— WHAT IS REQUIRED —
Skip the pictures and retype exactly the lines from the one holding "Rzeczoznawca samochodowy MOTOEXPERT" through the end of the entries.

— DATA LISTING —
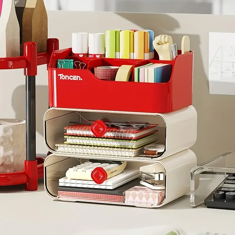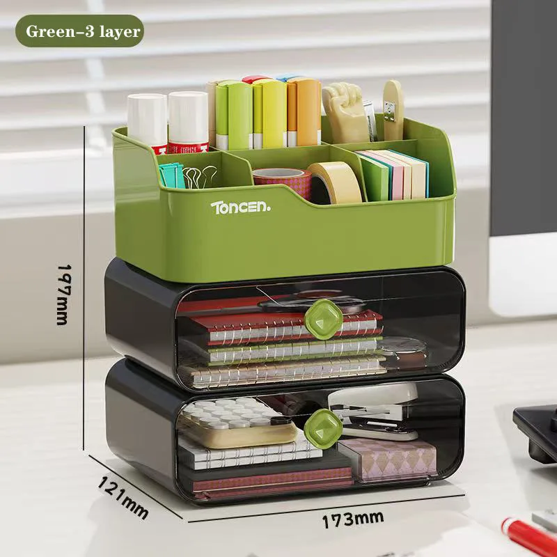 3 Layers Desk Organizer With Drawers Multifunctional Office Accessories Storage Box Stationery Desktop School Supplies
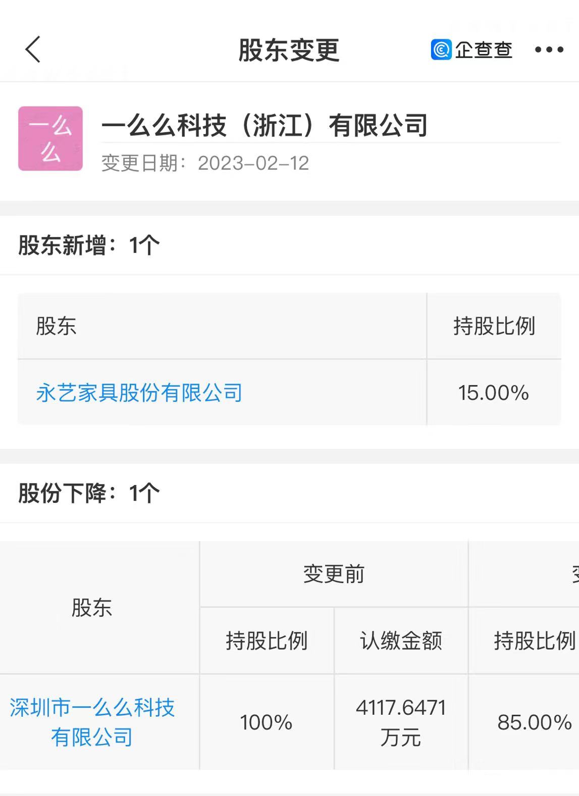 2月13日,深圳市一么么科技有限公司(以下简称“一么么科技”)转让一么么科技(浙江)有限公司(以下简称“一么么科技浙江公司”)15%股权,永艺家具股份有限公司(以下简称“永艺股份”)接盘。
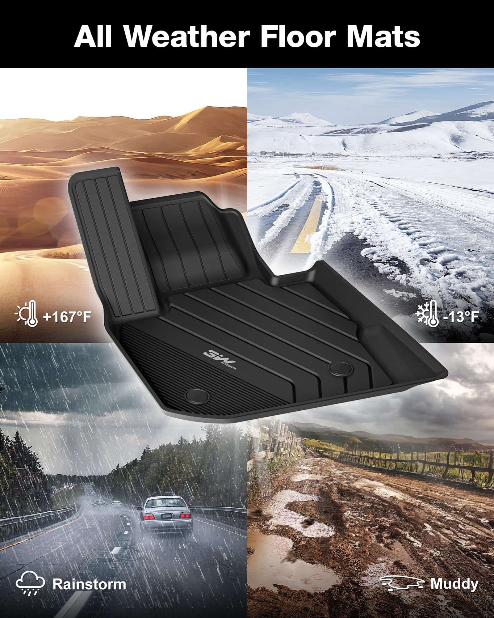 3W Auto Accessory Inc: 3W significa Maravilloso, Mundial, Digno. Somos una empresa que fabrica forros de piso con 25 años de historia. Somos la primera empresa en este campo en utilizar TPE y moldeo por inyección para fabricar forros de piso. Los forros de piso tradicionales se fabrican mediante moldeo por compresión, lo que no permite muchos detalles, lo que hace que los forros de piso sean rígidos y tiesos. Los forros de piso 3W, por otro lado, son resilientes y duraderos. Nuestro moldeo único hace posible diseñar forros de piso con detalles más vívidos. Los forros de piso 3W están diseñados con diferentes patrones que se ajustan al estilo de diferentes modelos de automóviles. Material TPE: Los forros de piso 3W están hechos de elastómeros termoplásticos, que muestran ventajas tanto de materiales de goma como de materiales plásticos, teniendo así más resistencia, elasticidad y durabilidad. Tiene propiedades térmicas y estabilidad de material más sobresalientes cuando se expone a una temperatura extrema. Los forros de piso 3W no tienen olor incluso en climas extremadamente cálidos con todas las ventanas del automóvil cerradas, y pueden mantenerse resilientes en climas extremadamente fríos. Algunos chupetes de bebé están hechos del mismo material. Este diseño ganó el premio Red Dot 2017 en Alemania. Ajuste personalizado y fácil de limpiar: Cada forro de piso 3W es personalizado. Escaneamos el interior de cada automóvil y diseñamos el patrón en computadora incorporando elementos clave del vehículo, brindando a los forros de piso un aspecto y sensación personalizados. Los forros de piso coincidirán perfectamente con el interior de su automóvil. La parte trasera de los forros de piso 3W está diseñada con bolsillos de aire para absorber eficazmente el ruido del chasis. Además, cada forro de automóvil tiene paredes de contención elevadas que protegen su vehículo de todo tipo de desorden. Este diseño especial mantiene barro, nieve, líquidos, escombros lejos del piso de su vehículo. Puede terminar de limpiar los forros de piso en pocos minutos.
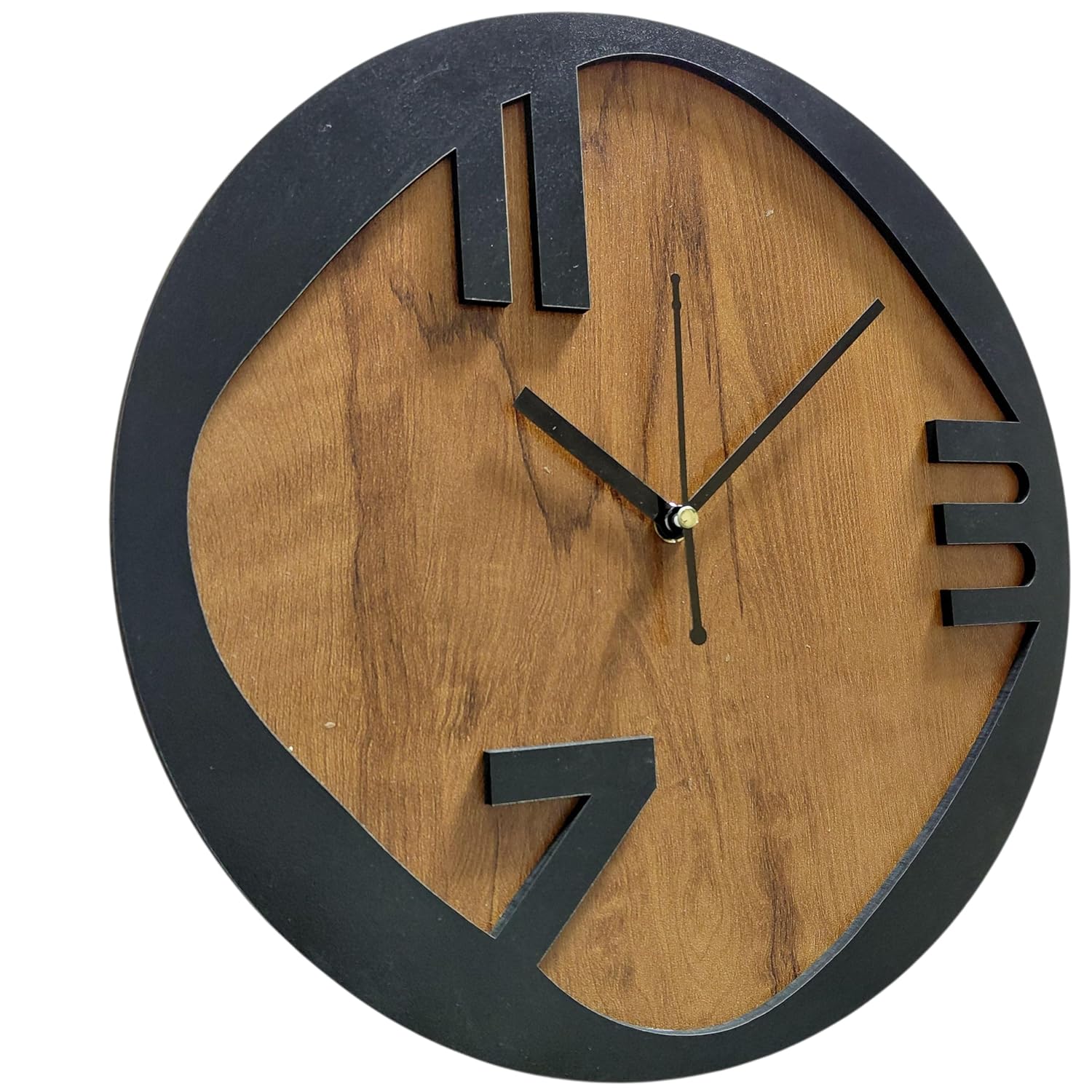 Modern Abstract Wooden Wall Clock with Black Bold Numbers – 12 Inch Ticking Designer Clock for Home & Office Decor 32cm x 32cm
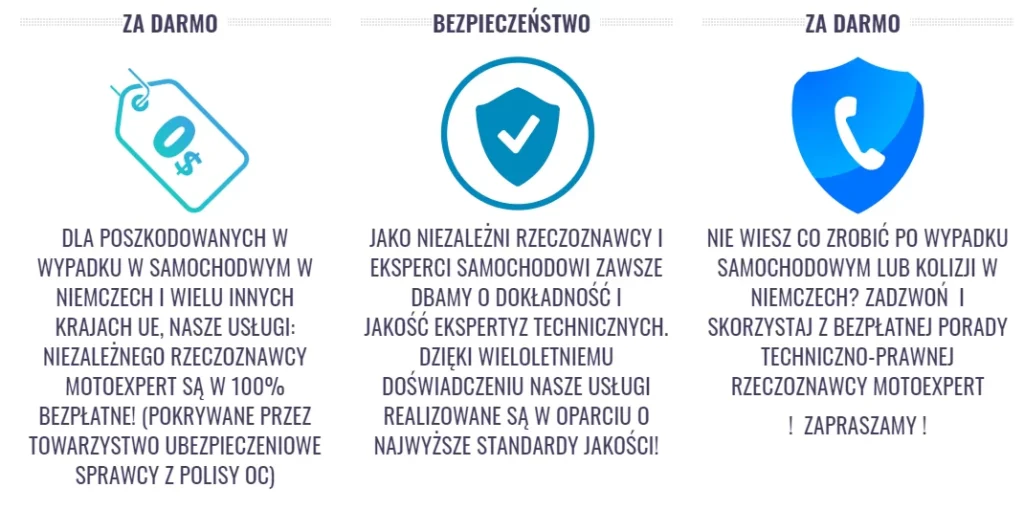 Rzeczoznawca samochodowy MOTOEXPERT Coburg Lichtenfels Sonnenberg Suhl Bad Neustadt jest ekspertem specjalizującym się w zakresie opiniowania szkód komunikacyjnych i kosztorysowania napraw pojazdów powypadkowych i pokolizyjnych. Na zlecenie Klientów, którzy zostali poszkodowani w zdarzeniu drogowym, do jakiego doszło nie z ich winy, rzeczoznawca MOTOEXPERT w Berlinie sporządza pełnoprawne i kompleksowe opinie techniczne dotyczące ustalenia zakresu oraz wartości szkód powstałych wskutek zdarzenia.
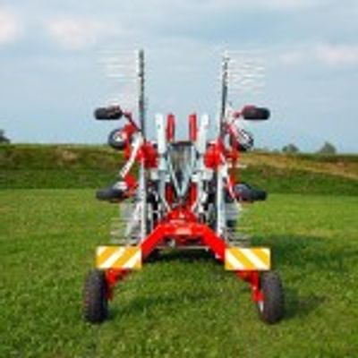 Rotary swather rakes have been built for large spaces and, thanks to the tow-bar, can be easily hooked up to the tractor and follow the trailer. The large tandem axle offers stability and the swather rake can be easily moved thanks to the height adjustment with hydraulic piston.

— RESPONSE AREA —
 Rzeczoznawca samochodowy MOTOEXPERT Coburg Lichtenfels Sonnenberg Suhl Bad Neustadt jest ekspertem specjalizującym się w zakresie opiniowania szkód komunikacyjnych i kosztorysowania napraw pojazdów powypadkowych i pokolizyjnych. Na zlecenie Klientów, którzy zostali poszkodowani w zdarzeniu drogowym, do jakiego doszło nie z ich winy, rzeczoznawca MOTOEXPERT w Berlinie sporządza pełnoprawne i kompleksowe opinie techniczne dotyczące ustalenia zakresu oraz wartości szkód powstałych wskutek zdarzenia.
 Rotary swather rakes have been built for large spaces and, thanks to the tow-bar, can be easily hooked up to the tractor and follow the trailer. The large tandem axle offers stability and the swather rake can be easily moved thanks to the height adjustment with hydraulic piston.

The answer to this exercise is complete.